Population (2026-01-01)
- • Total: 6,445
- • Density: 187.1/km^{2} (484.7/sq mi)
- Time zone: UTC+1 (CET)
- • Summer (DST): UTC+2 (CEST)
- Postal code: 518 01
- Website: www.mestodobruska.cz

= Dobruška =

Dobruška (/cs/; Gutenfeld) is a town in Rychnov nad Kněžnou District in the Hradec Králové Region of the Czech Republic. It has about 6,400 inhabitants. The town proper is located on the Dědina River in the Orlice Table.

Dobruška is known as the birthplace of Czech patriotic writer František Ladislav Hek, whose career was described in Alois Jirásek's novel F. L. Věk. The historic town centre is well preserved and is protected as an urban monument zone. The main landmark of the town is the Renaissance town hall.

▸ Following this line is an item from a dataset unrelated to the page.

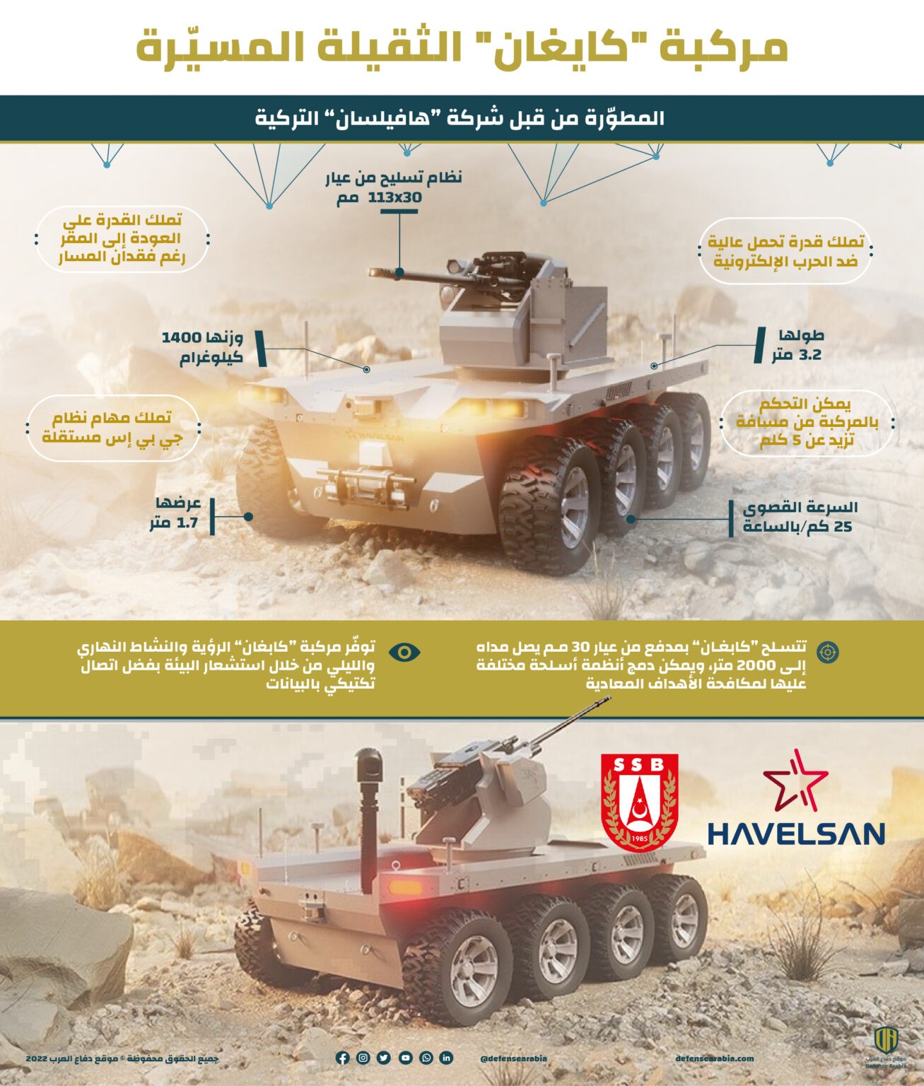 تعرض شركة “هافيلسان”، أيضاً خلال المعرض، مركبتها الثقيلة غير المأهولة “كابغان” Kapgan، التي أثبتت نفسها بأدائها الممتاز وقدراتها الفائقة.

==Administrative division==
Dobruška consists of eights municipal parts (in brackets population according to the 2021 census):

- Dobruška (5,222)
- Běstviny (66)
- Chábory (67)
- Domašín (222)
- Křovice (220)
- Mělčany (84)
- Pulice (388)
- Spáleniště (126)

==Etymology==
The name is derived from the personal name Dobruš.

==Geography==
Dobruška is located about 16 km northwest of Rychnov nad Kněžnou and 24 km northeast of Hradec Králové. It lies mostly in the Orlice Table. The eastern part of the municipal territory extends into the Orlické Foothills and includes the highest point of Dobruška, the hill Tábor at 470 m above sea level. The town is situated at the confluence of the Dědina River and the stream Brtevský potok.

==History==
The predecessor of Dobruška was a market settlement called Lešno, located at the crossroads of two trade routes. The first written mention is from 1320. In 1495, with the arrival of the noble family of Trčka of Lípa, the town began to develop. The houses were reconstructed in the Renaissance style and a representative town hall was built. The prosperity and importance of the town ended with the Thirty Years' War.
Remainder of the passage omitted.